停车场车位识别 opencv(二)-----模型训练 Keras框架 VGGNet

停车场车位识别,基于keras框架训练网络模型

本项目理论和源码来自唐宇迪opencv项目实战

上一节已经对视频截取的停车场图像进行一系列的数组图像处理操作,生成了车位中不同状态的图片数据集,接着我们用此数据集,寻拉你个深度学习的模型,目的是当输入一张停车场的图片能够识别出当前有多少空车位以及车位的位置。

先上代码
train.py

import os
from keras import applications
from keras.preprocessing.image import ImageDataGenerator
from keras import optimizers
from keras.models import Sequential, Model
from keras.callbacks import ModelCheckpoint, LearningRateScheduler, TensorBoard, EarlyStopping
from keras.layers.core import Flatten
from keras.layers.core import Dense

files_train = 0
files_validation = 0

cwd = os.getcwd()
folder = 'train_data/train'
for sub_folder in os.listdir(folder):
    path, dirs, files = next(os.walk(os.path.join(folder,sub_folder)))
    files_train += len(files)


folder = 'train_data/test'
for sub_folder in os.listdir(folder):
    path, dirs, files = next(os.walk(os.path.join(folder,sub_folder)))
    files_validation += len(files)
# 访问系统中训练数据和测试数据,返回样本个数
print(files_train,files_validation)
img_width, img_height = 48, 48
train_data_dir = "train_data/train"
validation_data_dir = "train_data/test"

nb_train_samples = files_train
nb_validation_samples = files_validation
batch_size = 32
epochs = 15
num_classes = 2
model = applications.VGG16(weights='imagenet', include_top=False, input_shape = (img_width, img_height, 3))
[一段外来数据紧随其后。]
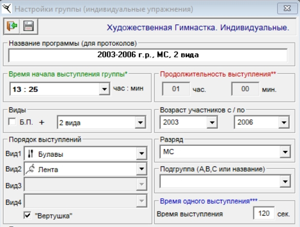 Укажите виды (предметы), с которыми будет выступать группа и выполните остальные настройки (год, время одного выступления, и т.д.)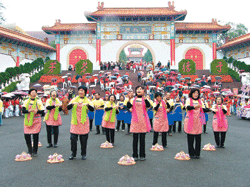 【人間社記者吳嚴儂大樹報導】「透早要出門,燒香拜佛祖,家裡準備好,出門做環保…」佛光大學資源回收隊員二十四日前往佛光山參加化裝遊行,於不二門前廣場表演客家民謠,博得觀眾喝采,從他們的肢體動作,看到佛光人「環保回收建大學」的那份堅持,與認真負責態度。(人間社記者吳嚴儂攝)
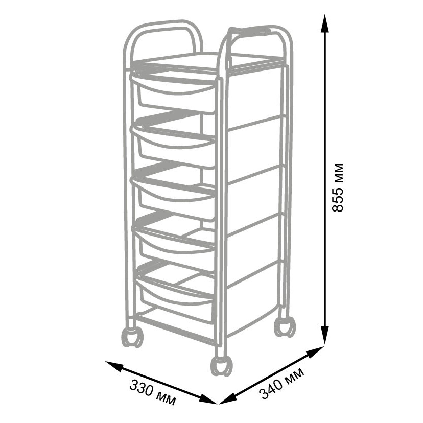 Комплектация: основа из металла на манёвренных колесиках, боковые пластиковые панели, выдвижные ящики (5 штук), верхняя полка.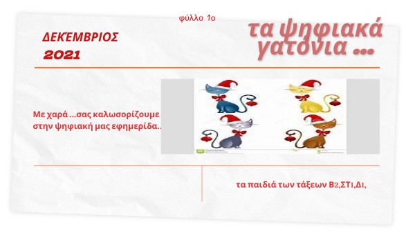Μέσα από το περιοδικό μας, που θα το βρίσκετε «κρεμασμένο» στην ιστοσελίδα του σχολείου μας, θα σας ενημερώνουμε για διάφορες πρωτοβουλίες που θα αναλάβουμε κατά τη διάρκεια της φετινής σχολικής χρονιάς, για διάφορες δράσεις που θα κάνουμε με τους δασκάλους μας και βέβαια, θα ακούτε την άποψή και τα σχόλιά μας για διάφορα θέματα! Σε αυτή τη συλλογική προσπάθεια συμμετέχουν, εκτός από εμάς, οι τάξεις Β2,Και Δ1 αλλά και μαθητές άλλων τμημάτων στο μάθημα των αγγλικών.Η ιδέα της δημιουργίας του περιοδικού ξεκίνησε από μερικούς εκπαιδευτικούς του σχολείου μας και μας βρήκε όλες και όλους απόλυτα σύμφωνους. Έτσι, γεννήθηκαν τα ΨΗΦΙΑΚΑ ΓΑΤΟΝΙΑ, που θέλουμε να αποτελέσουν την ψηφιακή μαθητική φωνή του σχολείου μας.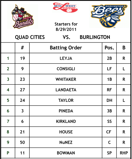 Josh Whitaker continued his amazing 2011 season by becoming the lone Bee selected as a 2011 Midwest League Post Season All-Star. A 25th round pick of the Athletics in 2010 that didn’t even break camp with the Bees out of spring training, Whitaker is currently leading the Midwest League with a .332 batting average. He’s hit for power, adding 17 home runs and 68 RBIs in his first full season out of Kennesaw State University.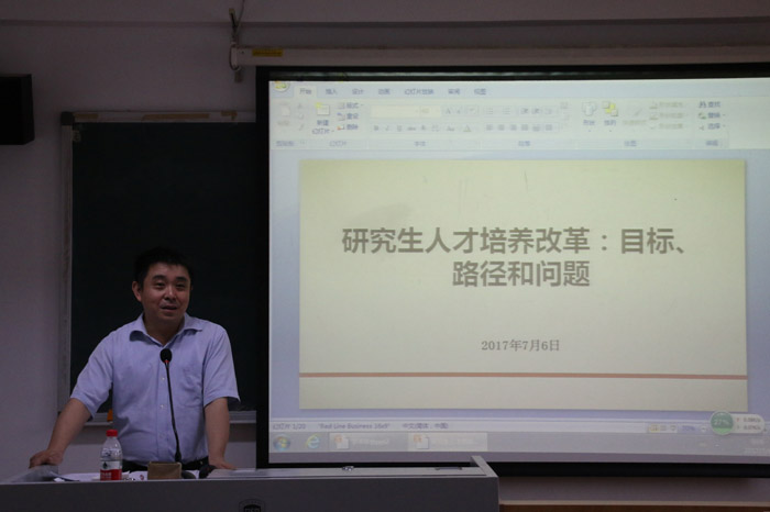 ——在7月6日上午的研究生人才培养改革研讨会上,副院长王展鹏教授和谢韬教授分别作了题为“Beat365唯一官方网站研究生人才培养改革:目标、路径和问题”和“研究中心的科研职能与研究生培养”的发言。全院教师围绕“如何提高研究生生源质量”、“如何提高研究生培养质量”、“如何引导学生参与学术活动和科研工作”等问题展开了讨论。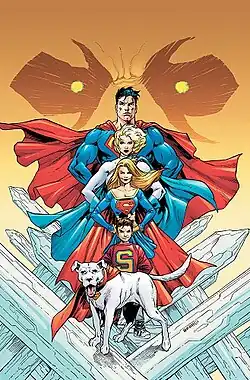 ![]() Superman, Poderosa, Supergirl e Chris Kent em Superman #670, a conclusão da trama | |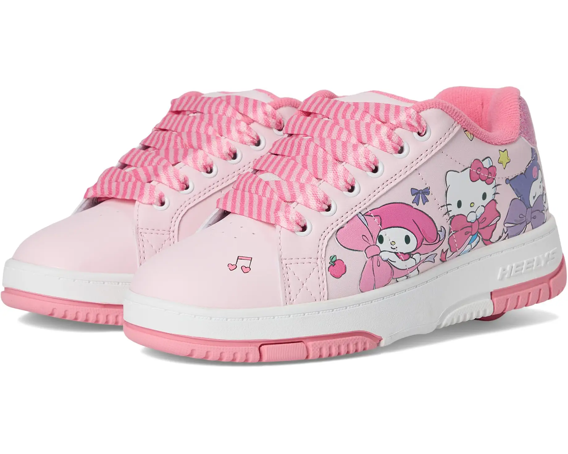 • Heelys and Hello Kitty come together to bring you this unique collaboration! Featuring a faux leather upper, lace-up closure in a round toe silhouette, polyester lining, ethylene vinyl acetate insole, and graphic print throughout.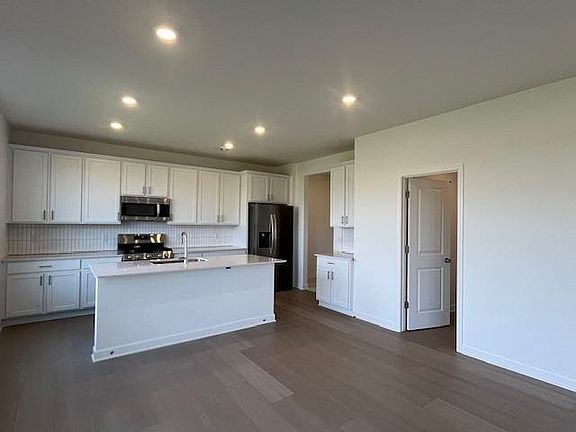 The elegant Berkley is a quick move-in opportunity for October that you won’t want to miss! This two-story home offers 4 spacious bedrooms, 3 bathrooms, a 3-car garage, and a beautifully designed layout that blends style with everyday comfort. Inside, the open-concept main level features 9-foot ceilings, abundant natural light, and a cozy electric fireplace in the living room. The modern kitchen showcases quartz countertops, stainless steel appliances, a walk-in pantry, and a large center island—perfect for entertaining or casual dining. Upstairs, you'll find all 4 bedrooms, a versatile loft, and a convenient laundry room. The owner’s suite includes a private bath and walk-in closet, offering a peaceful retreat. Located in a vibrant and expanding community, this home will soon be just steps away from a future neighborhood park—offering green space for outdoor activities, relaxation, and connection with neighbors. —this Berkley home is the perfect blend of elegance and functionality. Ask how you can qualify for $5,000 in closing costs with seller's preferred lender.

for layer in model.layers[:10]:
    layer.trainable = False


x = model.output
x = Flatten()(x)
predictions = Dense(num_classes, activation="softmax")(x)


model_final = Model(input = model.input, output = predictions)

# 编译 :定义损失函数、优化器和性能指标
model_final.compile(loss="categorical_crossentropy",
                    optimizer=optimizers.SGD(lr=0.0001, momentum=0.9),
                    metrics=["accuracy"]) 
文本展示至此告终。